▶ [Task requirements]: Once the line holding "Show your holiday" appears, repeat it and each line after it to the end of the data, exactly and with nothing else; pictures stay out.

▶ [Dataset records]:
▶
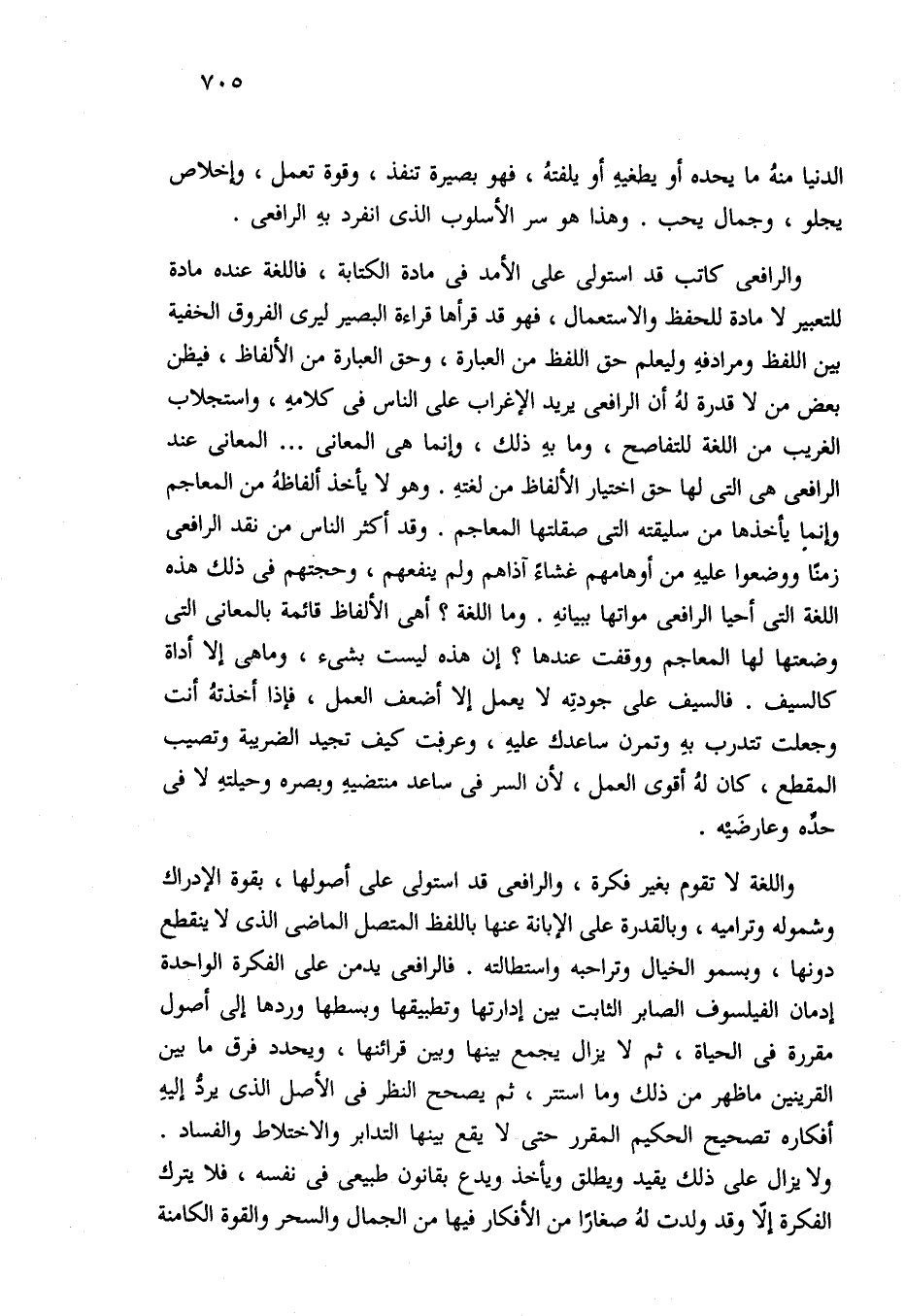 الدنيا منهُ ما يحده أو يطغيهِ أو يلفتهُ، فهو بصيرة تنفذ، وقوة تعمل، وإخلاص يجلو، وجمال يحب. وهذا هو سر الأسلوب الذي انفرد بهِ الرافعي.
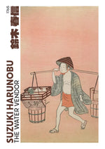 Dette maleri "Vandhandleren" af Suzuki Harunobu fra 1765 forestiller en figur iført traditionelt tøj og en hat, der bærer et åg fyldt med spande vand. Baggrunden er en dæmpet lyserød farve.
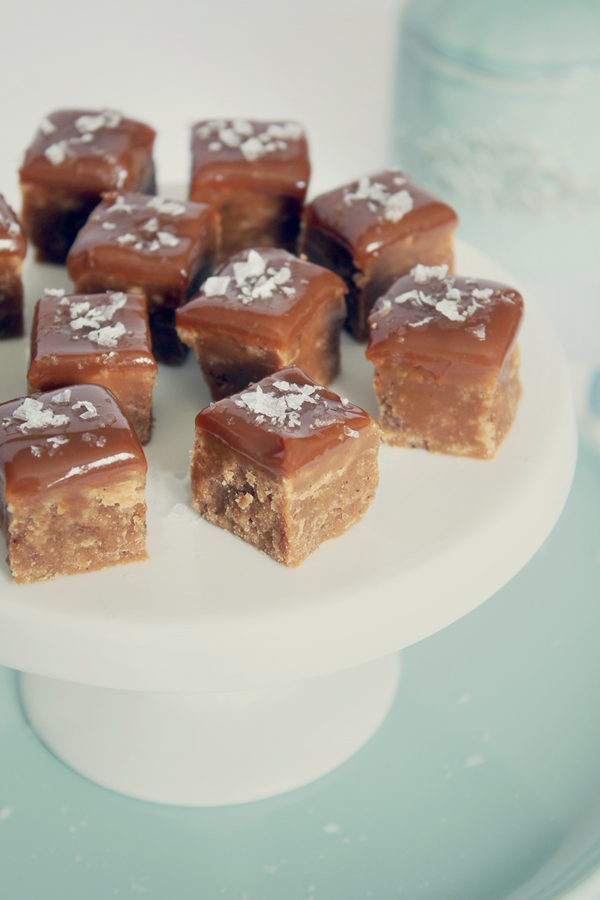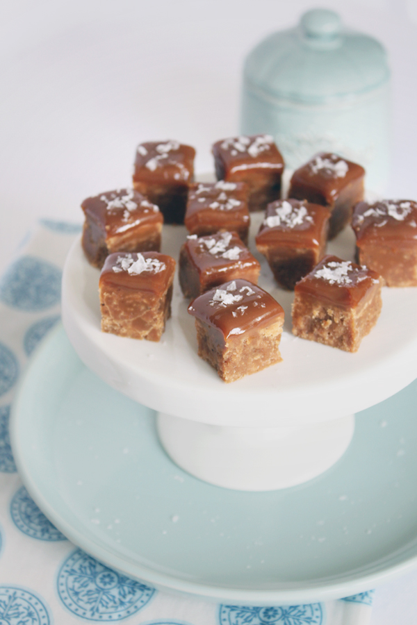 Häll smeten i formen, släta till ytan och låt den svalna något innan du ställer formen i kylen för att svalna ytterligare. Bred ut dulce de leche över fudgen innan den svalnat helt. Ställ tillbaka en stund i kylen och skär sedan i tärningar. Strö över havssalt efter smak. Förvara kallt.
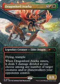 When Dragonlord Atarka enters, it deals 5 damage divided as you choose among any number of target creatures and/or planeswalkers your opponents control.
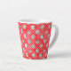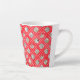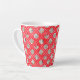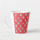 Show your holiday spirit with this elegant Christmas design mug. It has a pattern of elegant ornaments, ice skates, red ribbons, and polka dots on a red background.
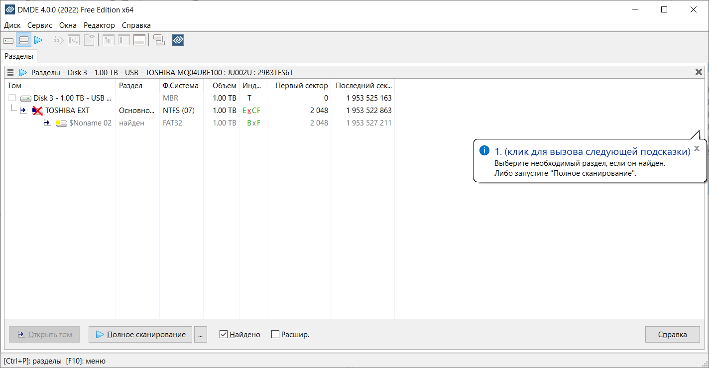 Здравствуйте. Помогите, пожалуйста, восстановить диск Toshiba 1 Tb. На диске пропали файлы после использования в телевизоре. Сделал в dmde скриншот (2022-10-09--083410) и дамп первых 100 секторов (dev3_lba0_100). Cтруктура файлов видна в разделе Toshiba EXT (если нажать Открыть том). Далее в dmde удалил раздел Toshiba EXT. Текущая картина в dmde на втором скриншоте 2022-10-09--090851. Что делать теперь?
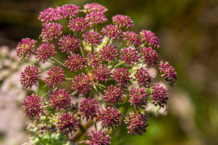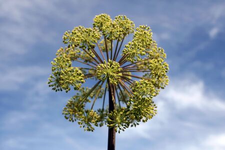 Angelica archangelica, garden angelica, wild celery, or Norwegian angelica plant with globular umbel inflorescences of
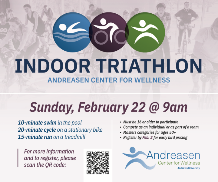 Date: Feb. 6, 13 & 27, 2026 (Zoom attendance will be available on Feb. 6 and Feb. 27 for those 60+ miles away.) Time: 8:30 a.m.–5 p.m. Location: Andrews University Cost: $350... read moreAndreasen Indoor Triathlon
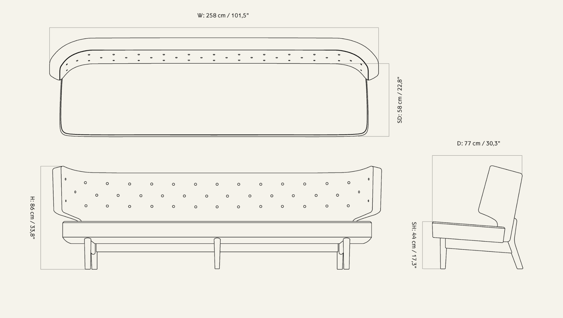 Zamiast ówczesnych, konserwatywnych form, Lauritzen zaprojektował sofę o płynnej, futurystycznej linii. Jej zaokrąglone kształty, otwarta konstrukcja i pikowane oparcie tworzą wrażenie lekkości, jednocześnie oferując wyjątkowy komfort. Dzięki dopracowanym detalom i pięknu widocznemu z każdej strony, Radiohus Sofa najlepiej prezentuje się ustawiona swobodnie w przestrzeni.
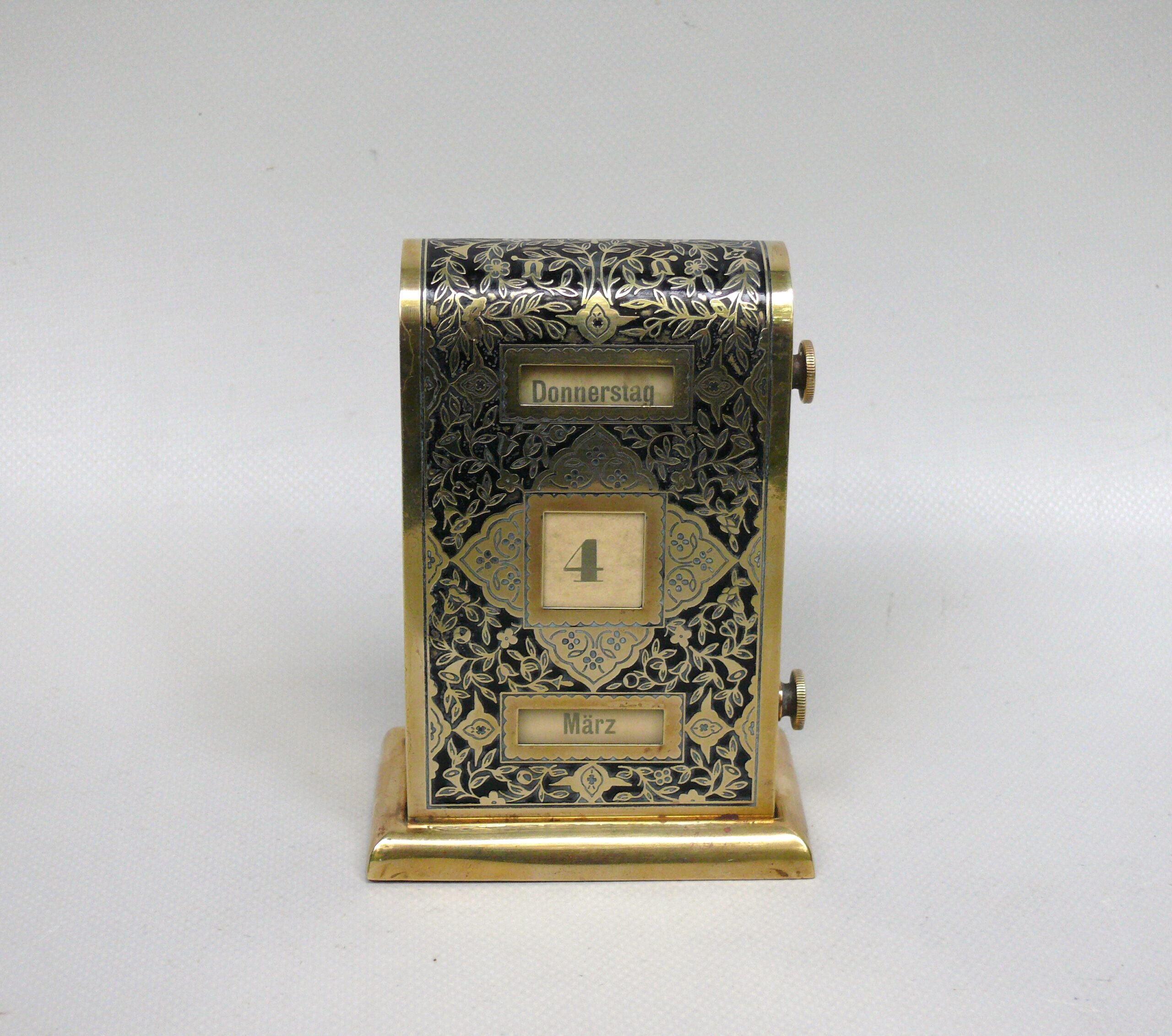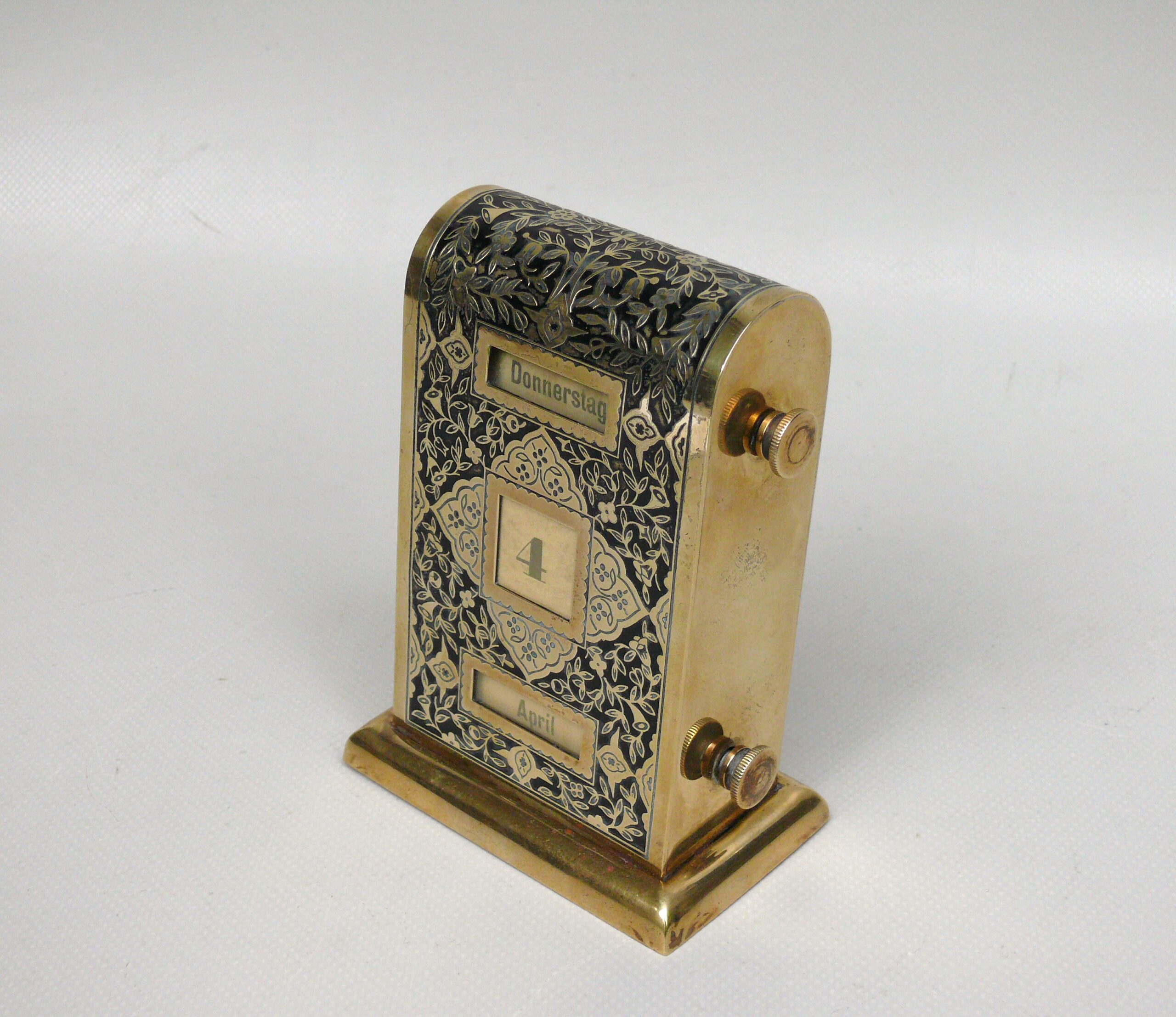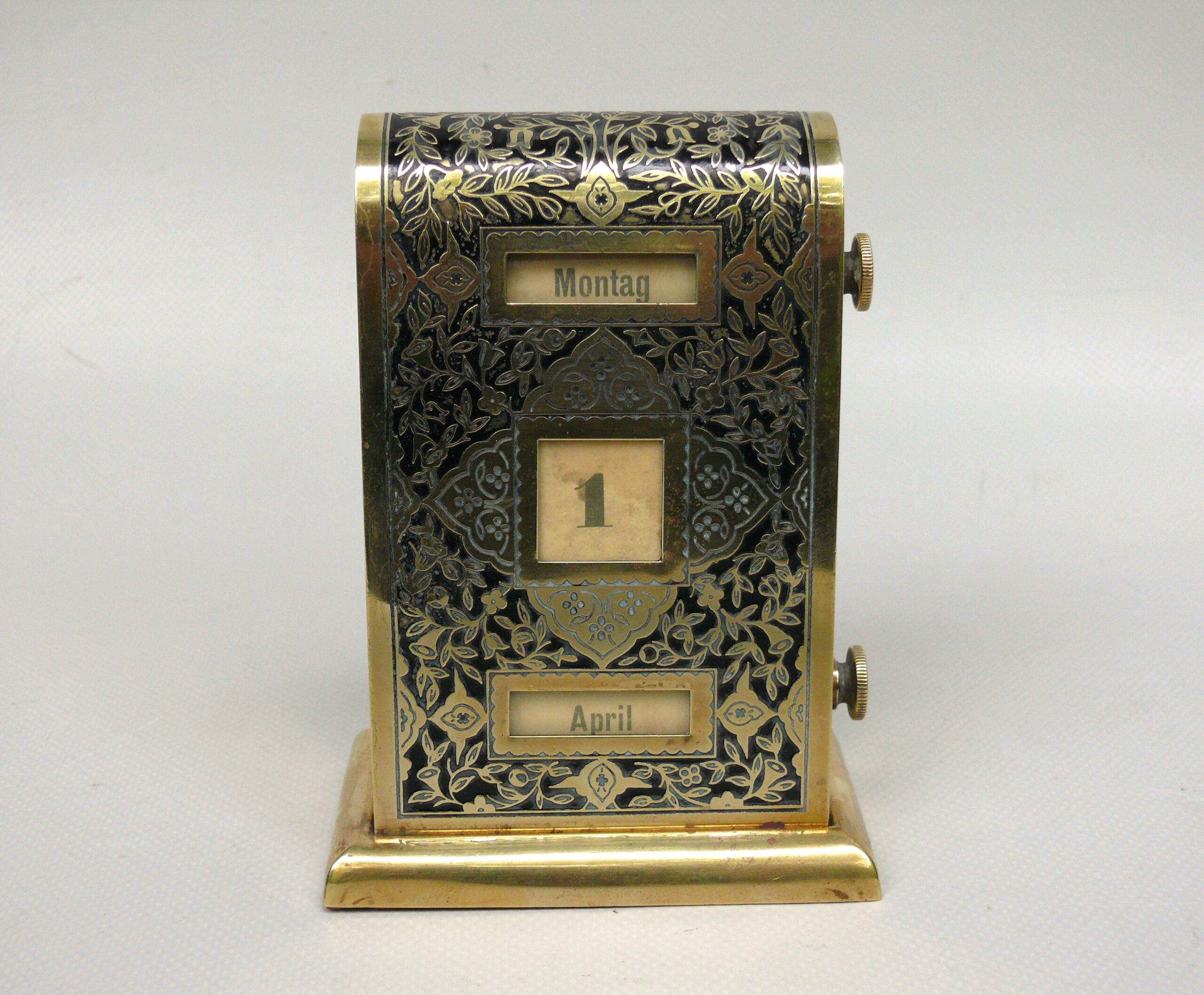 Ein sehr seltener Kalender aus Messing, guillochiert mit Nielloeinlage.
◀
▶ [Problem solution]:
 Show your holiday spirit with this elegant Christmas design mug. It has a pattern of elegant ornaments, ice skates, red ribbons, and polka dots on a red background.
 Здравствуйте. Помогите, пожалуйста, восстановить диск Toshiba 1 Tb. На диске пропали файлы после использования в телевизоре. Сделал в dmde скриншот (2022-10-09--083410) и дамп первых 100 секторов (dev3_lba0_100). Cтруктура файлов видна в разделе Toshiba EXT (если нажать Открыть том). Далее в dmde удалил раздел Toshiba EXT. Текущая картина в dmde на втором скриншоте 2022-10-09--090851. Что делать теперь?
 Angelica archangelica, garden angelica, wild celery, or Norwegian angelica plant with globular umbel inflorescences of
 Date: Feb. 6, 13 & 27, 2026 (Zoom attendance will be available on Feb. 6 and Feb. 27 for those 60+ miles away.) Time: 8:30 a.m.–5 p.m. Location: Andrews University Cost: $350... read moreAndreasen Indoor Triathlon
 Zamiast ówczesnych, konserwatywnych form, Lauritzen zaprojektował sofę o płynnej, futurystycznej linii. Jej zaokrąglone kształty, otwarta konstrukcja i pikowane oparcie tworzą wrażenie lekkości, jednocześnie oferując wyjątkowy komfort. Dzięki dopracowanym detalom i pięknu widocznemu z każdej strony, Radiohus Sofa najlepiej prezentuje się ustawiona swobodnie w przestrzeni.
 Ein sehr seltener Kalender aus Messing, guillochiert mit Nielloeinlage.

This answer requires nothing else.